Michael Fly

Current position
- Title: Assistant coach
- Team: Florida State
- Conference: ACC

Biographical details
- Born: May 29, 1983 (age 42) Fulton, Kentucky
- Alma mater: Kentucky

Coaching career (HC unless noted)
- 2004–2005: Georgetown (KY) (assistant)
- 2011–2018: Florida Gulf Coast (assistant)
- 2018–2022: Florida Gulf Coast
- 2023–2025: Jacksonville (assoc.)
- 2025-present: Florida State (assistant)

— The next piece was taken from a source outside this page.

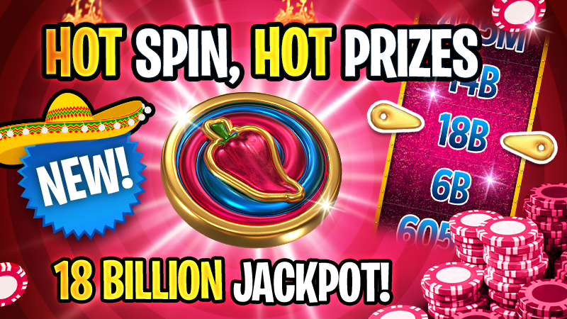 Introducing the all-new fiery Hot Spin! 🔥 Get ready to ignite your gameplay with sizzling Hot Spins, packed with super tasty prizes and an explosive 18 BILLION Chips JACKPOT! 💰
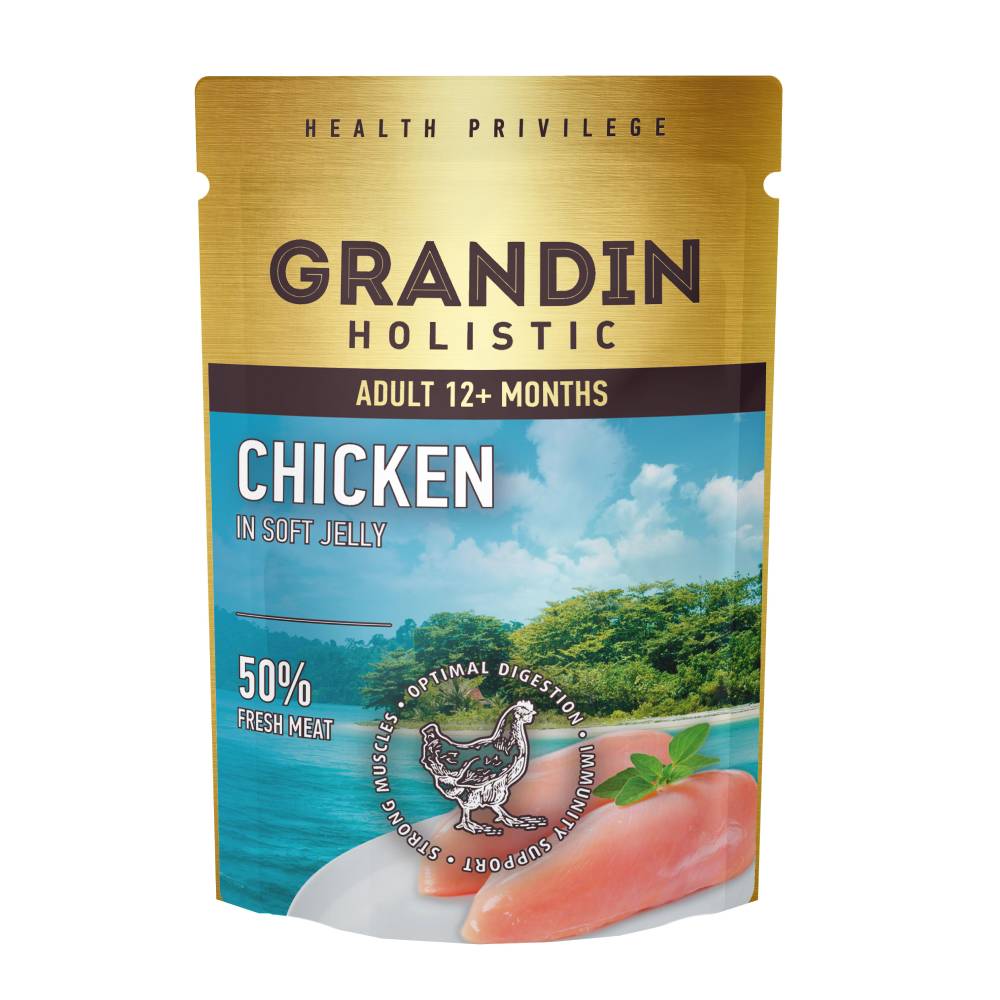 Grandin Holistic Health Privilege — вкусный и натуральный рацион супер премиум класса для взрослых кошек. Корм изготовлен из свежего мяса курицы с добавлением аппетитного нежного желе, которое придает корму превосходный вкус.

Administrative career (AD unless noted)
- 2006–2007: Charlotte Bobcats (vid. coord.)
- 2008–2011: Florida State (vid. coord.)
- 2022–2023: Missouri (dir. of scout. & anal.)

Head coaching record
- Overall: 56–60 (.483)

= Michael Fly =

American basketball coach

Michael Fly (born May 29, 1983) is an American college basketball coach and former head coach at Florida Gulf Coast University.

==Coaching career==
Fly started coaching as a student at the University of Kentucky, assisting at NAIA Georgetown College for one season. After graduation, Fly became a video coordinator assistant for the NBA's Charlotte Bobcats for one season before taking a one-year internship at NCAA's corporate offices. He returned to coaching joining Leonard Hamilton's staff at Florida State where he served as a video coordinator for three seasons. When Seminoles assistant Andy Enfield took the head coaching job at Florida Gulf Coast, Fly followed him to the Eagles as an assistant coach, and remained with the team as an assistant under Joe Dooley, as well. As an assistant, Fly was part of FGCU's Sweet 16 run in 2013, and was part of two other NCAA Tournament appearances in 2016 and 2017.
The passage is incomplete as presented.